Electronic structure and charge-transport properties of symmetric linear condensed bis-benzothiadiazole derivatives

Abstract

The optimal geometries and electronic structures of fifteen symmetric linear condensed bis-benzothiadiazole derivatives were investigated using the density functional theory. Depending on the central core variation, the B3LYP energies of the lowest unoccupied molecular orbitals (LUMOs) varies from −2.66 eV to −4.77 eV. The interaction energies and electron drift mobilities were evaluated for model parallel-stacked and parallel-displaced dimer configurations at room temperature using Marcus theory and Einstein relation. The presented theoretical results indicate contradictory role of the pyrazine moiety fused to benzene or p-benzoquinone forming the central molecular core.

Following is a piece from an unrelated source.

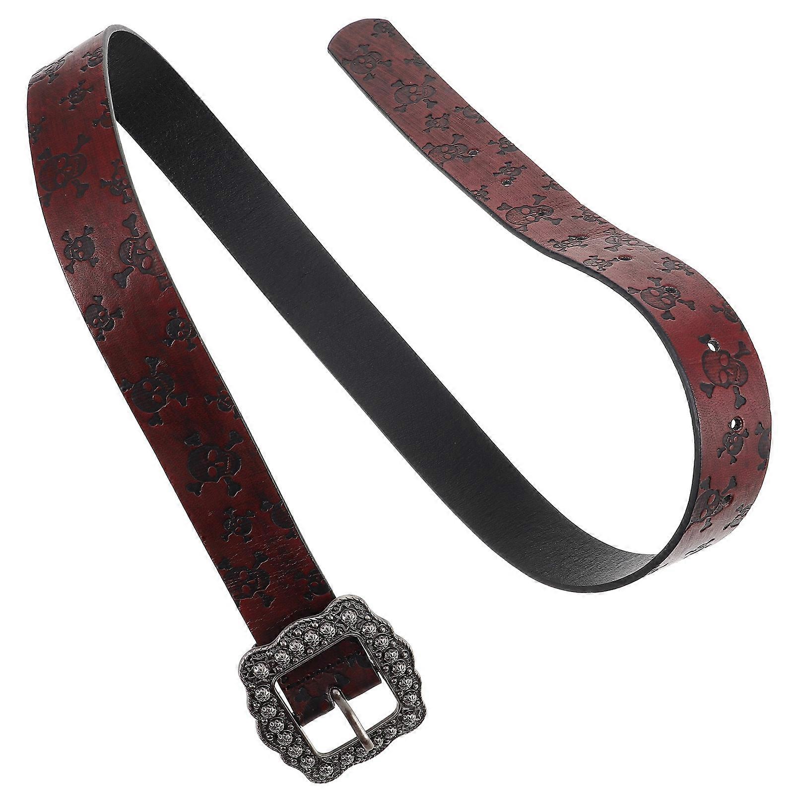 Goth Belt For Women Vintage Embossed Pu Belt Dark Red Square Buckle Engraved Western Style 1Pack

These model compounds exhibit the highest electron drift mobilities, although the air stability could be lower due to the LUMO energies below −4.0 eV. The theoretical trends obtained from B3LYP calculations were compared with the results from M06-2X range-separated functional. The charge-transport properties of 5H, 11H-anthra [2,3-c:6,7-c']bis ([1,2,5]thiadiazole)-5,11-dione were also theoretically investigated for the parallel-shifted and linear dimer configurations obtained from the X-ray crystal structure.